British Prime Minister Theresa May unveiled her Brexit Plan B on Monday — and it looks a lot like Plan A.

May launched a mission to resuscitate her rejected European Union divorce deal, setting out plans to get it approved by Parliament after securing changes from the EU to a contentious Irish border measure.

May’s opponents expressed incredulity: British lawmakers last week dealt the deal a resounding defeat, and EU leaders insist they won’t renegotiate it.

Opposition leader Jeremy Corbyn of the Labour Party accused May of being in “deep denial” about her doomed deal.

“This really does feel a bit like Groundhog Day,” he said, referring to the 1993 film starring Bill Murray, in which a weatherman is fated to live out the same day over and over again.

Outlining what she plans to do after her EU divorce deal was rejected by Parliament last week, May said that she had heeded lawmakers’ concerns over an insurance policy known as the “backstop” that is intended to guarantee there are no customs checks along the border between EU member Ireland and the U.K.’s Northern Ireland after Brexit.

May told the House of Commons that she would be “talking further this week to colleagues … to consider how we might meet our obligations to the people of Northern Ireland and Ireland in a way that can command the greatest possible support in the House.

“And I will then take the conclusions of those discussions back to the EU.”

The bloc insists that it won’t renegotiate the withdrawal agreement.
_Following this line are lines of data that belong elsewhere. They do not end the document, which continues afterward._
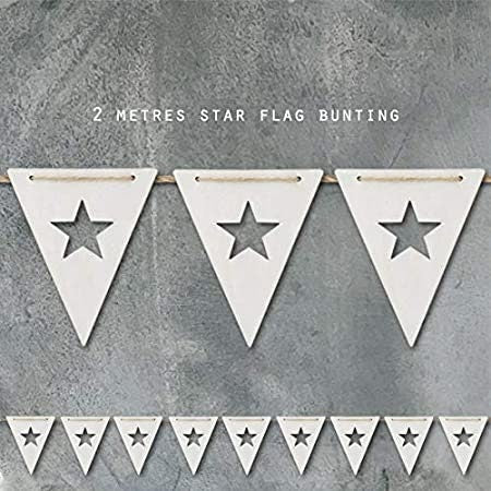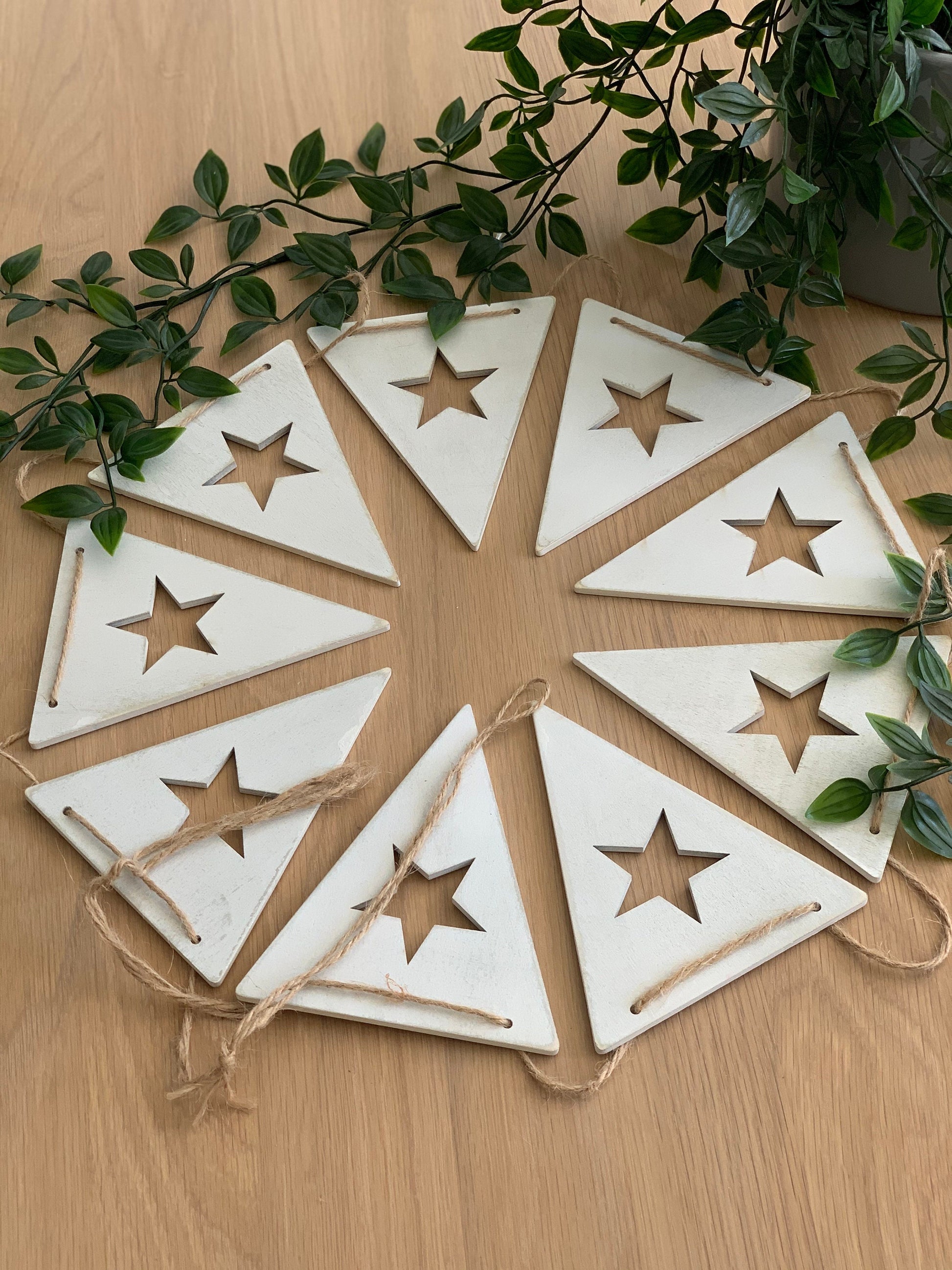 East of India, gorgeous hanging flag wooden bunting, features 9 individual white flags hanging from a hessian rope with loops either end
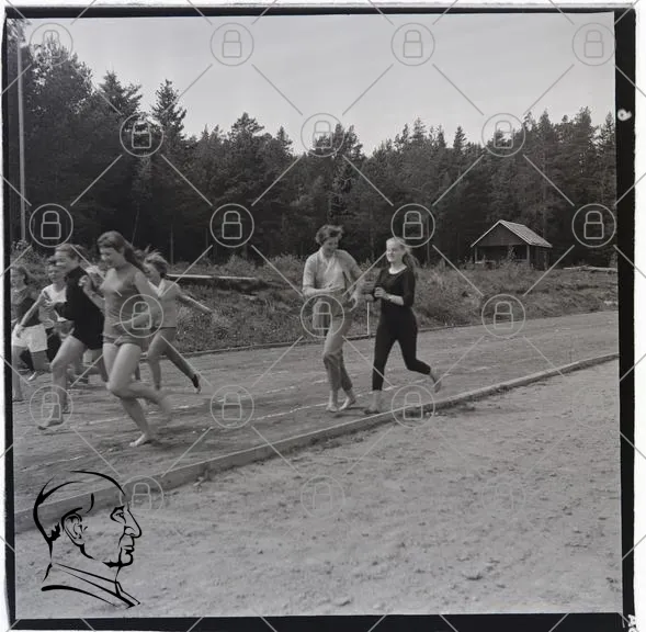 barn, löpning, strand, skog, sommar, aktivitet, sport, badkläder, pojkar, flickor, natur, lek, utomhus, träning, gemenskap, minnen, svartvitt, historisk, ungdomar, glädje, motion, fritid, landskap, stuga, väg, sand, skratt, vänskap, energi, rörelse
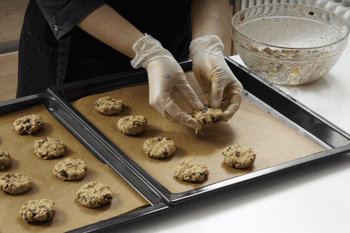 Use a large spoon to place cookies on the baking sheet. Each cookie is about 3 tablespoons of dough. A baking sheet can hold 12 cookies well. Bake for 20 minutes at 175 degrees.
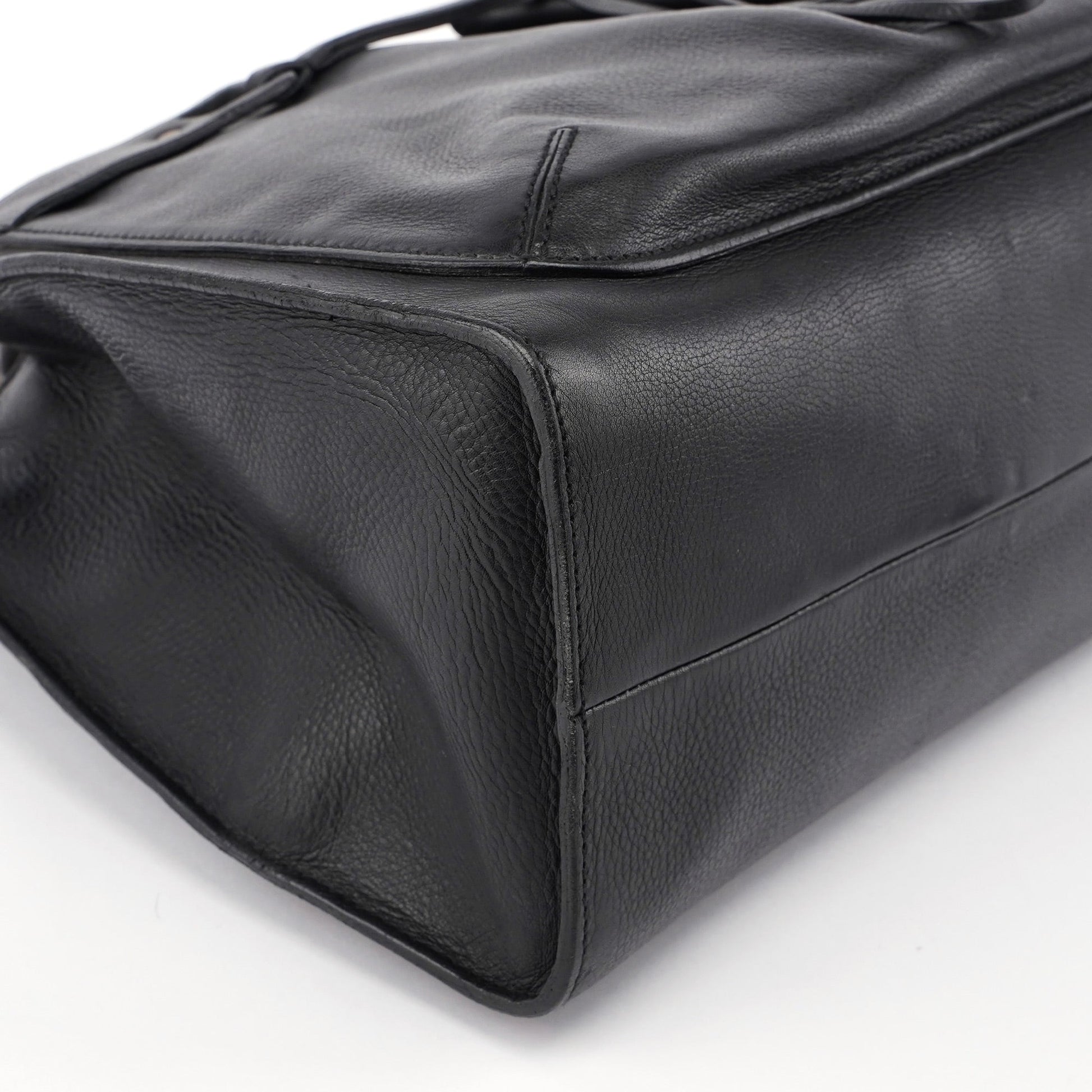 109138 Black Calfskin Bamboo Dual Handle Bag
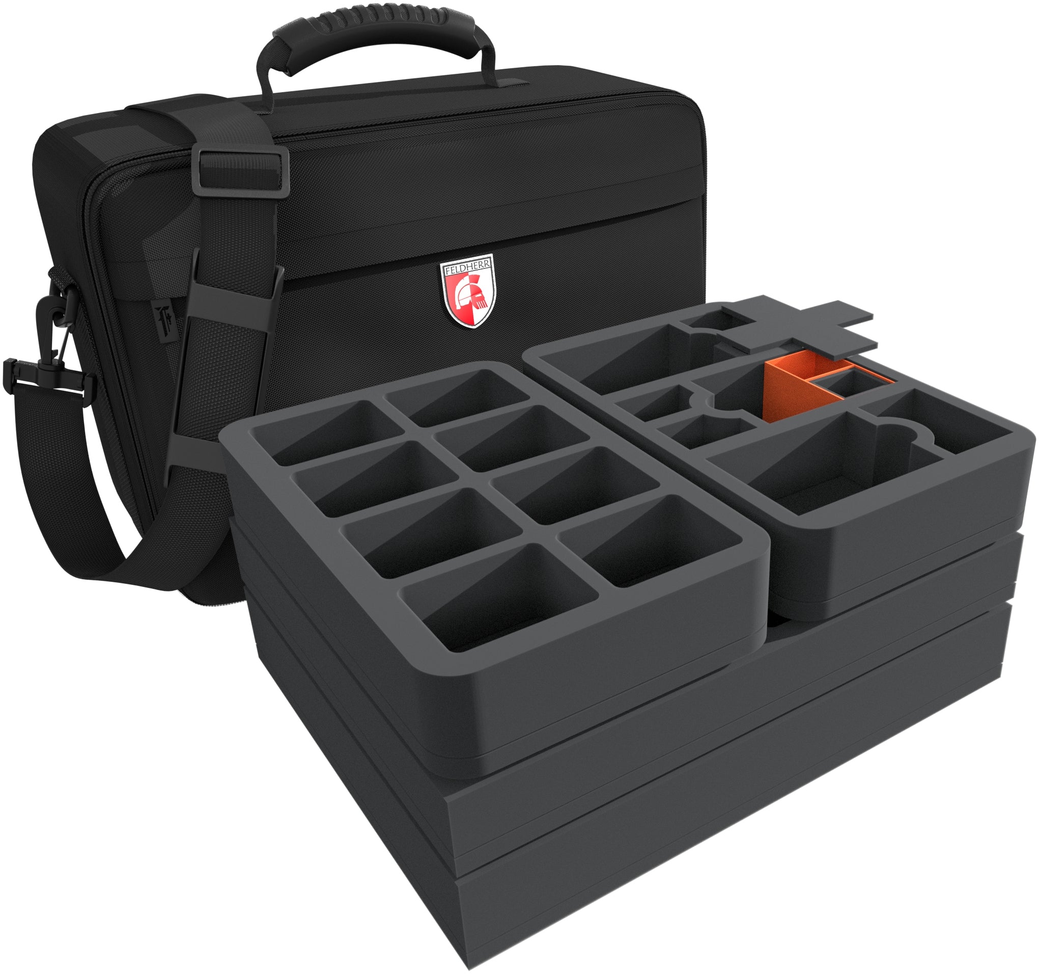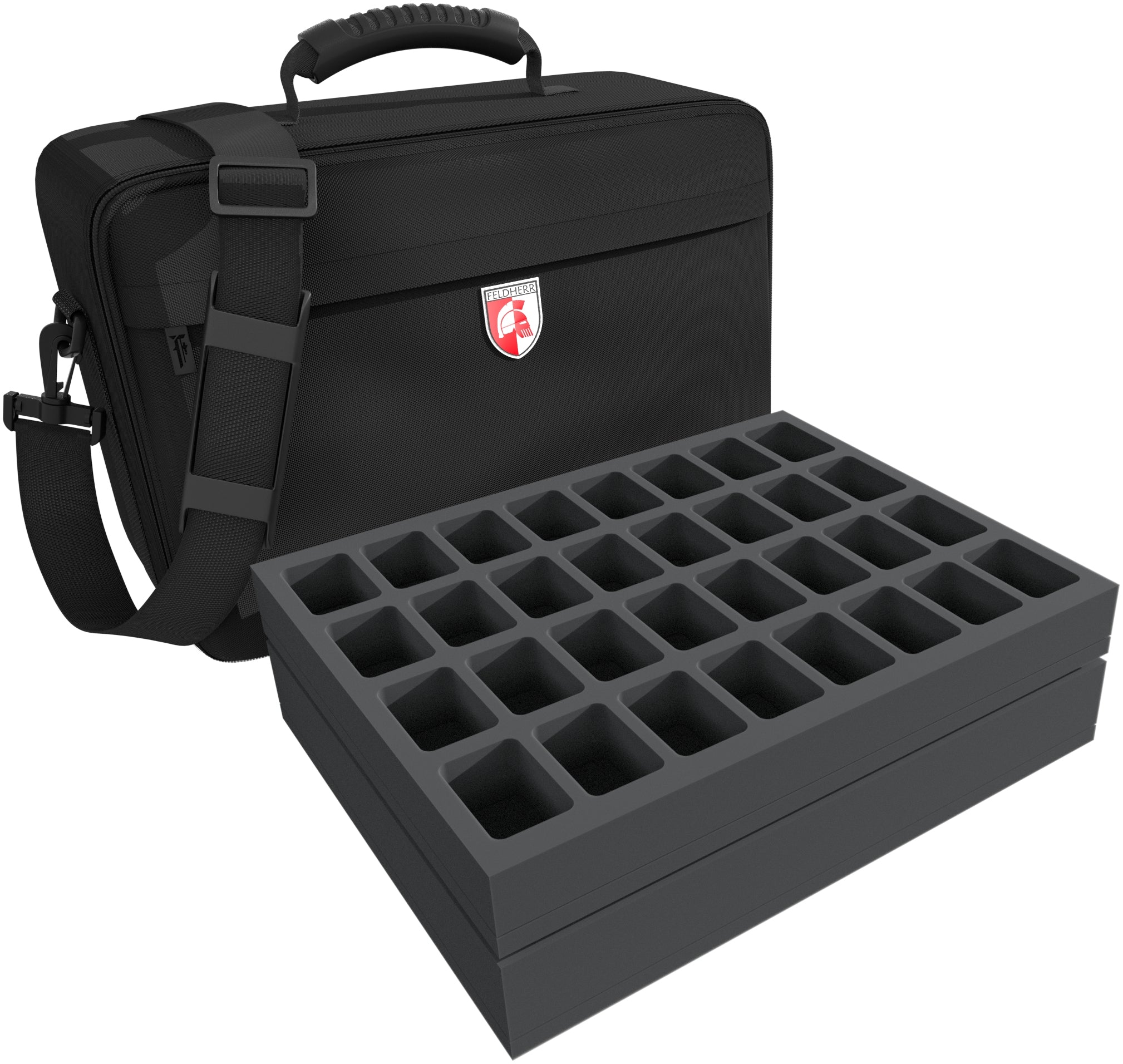 The Feldherr MEDIUM PLUS bag is made of particularly robust fabric and ensures that its contents are optimally preserved from external influences. Padded side panels and a reinforced base additionally ensure that your miniatures are optimally protected from external influences, even when transported by car or train. It can also be locked and secured with an optional padlock.
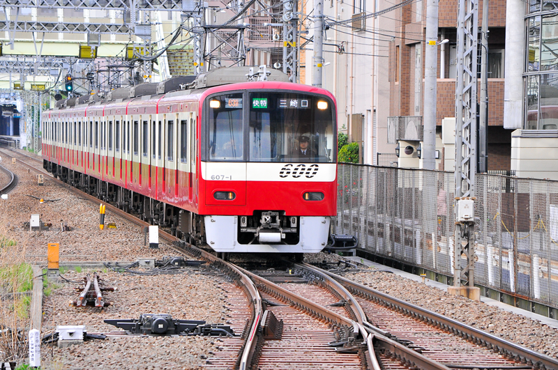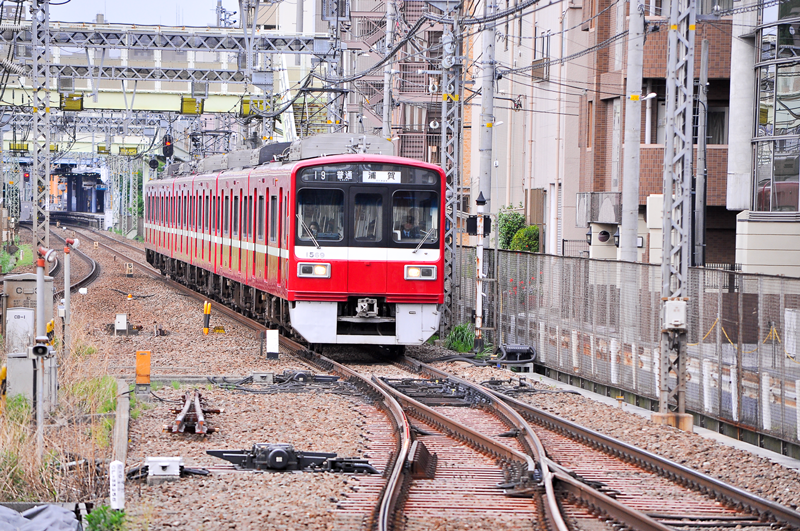 さて、このノーズ可動式ポイントが、在来線でも使われているのをご存知だろうか。そう、北越急行ほくほく線と成田アクセス線の一部で使用されていることは、ある程度知られている。しかしこれらは高速列車を走らせるために高規格で建設されている路線のため、この2線では敷設の構造上間近で見ることは難しい。ところが、そんな特殊なポイントが間近に見られる場所がある。それが京浜急行本線 生麦駅で、下り線の前後に設けられている。
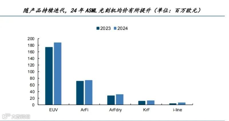 ASML凭借与台积电合作率先推出193nm浸没式光刻机,打破技术瓶颈,拉开与尼康、佳能的差距[k]。2013年推出EUV量产机型后进一步巩固领先地位[k]。2024年ASML共出货光刻机418台,其中EUV 44台,ArFi 129台,后者为销售额最高的品类[k]。当年EUV机型均价达1.88亿欧元,ArFi为0.74亿欧元,均呈上涨趋势[k]。
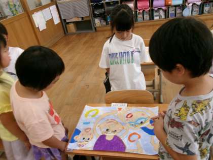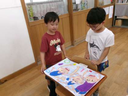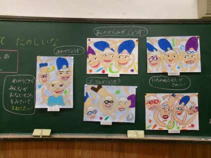 図画工作「プールにもぐって たのしいな」の絵が完成しました。完成した絵をみんなで見合いっこをしました。友達の絵を見ながら、「手の感じが上手だね。」「色の塗り方が丁寧だし、まねしたいよ。」など、たくさん友達のよい所を見つけていました。
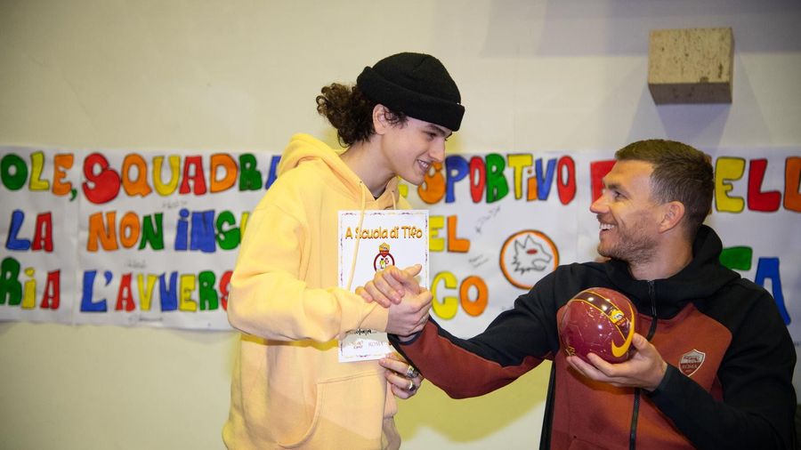 The Roma striker was a special guest at Rome's Galileo technical college, as he spoke with students about the importance of qualities like fair play, respect and equality - both on the football pitch and in life.
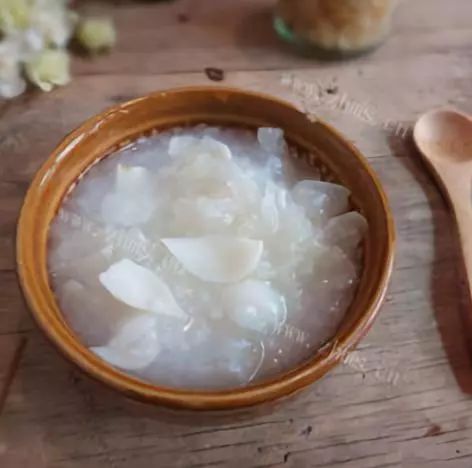 阴虚咳嗽:干咳少痰,咽干,手足心热,舌红,苔少或花剥。百合银耳粳米粥:银耳先浸泡,粳米、新鲜百合加入适量冰糖同煮。

“She is wasting time calling for a revision or clarification over the backstop,” said German politician Udo Bullmann, head of the socialist group in the European Parliament.

Amendments

While May stuck doggedly to her deal, she also acknowledged that control over Brexit wasn’t entirely in her hands. She noted that lawmakers will be able to amend her plan when it comes to a vote in the House of Commons on Jan. 29, exactly two months before Britain is due to leave the EU.

Groups of “soft Brexit”-backing lawmakers — who want to keep close economic ties to the bloc — are planning to use amendments to try to rule out a “no-deal” Brexit and make May ease her insistence that leaving the EU means quitting its single market and customs union.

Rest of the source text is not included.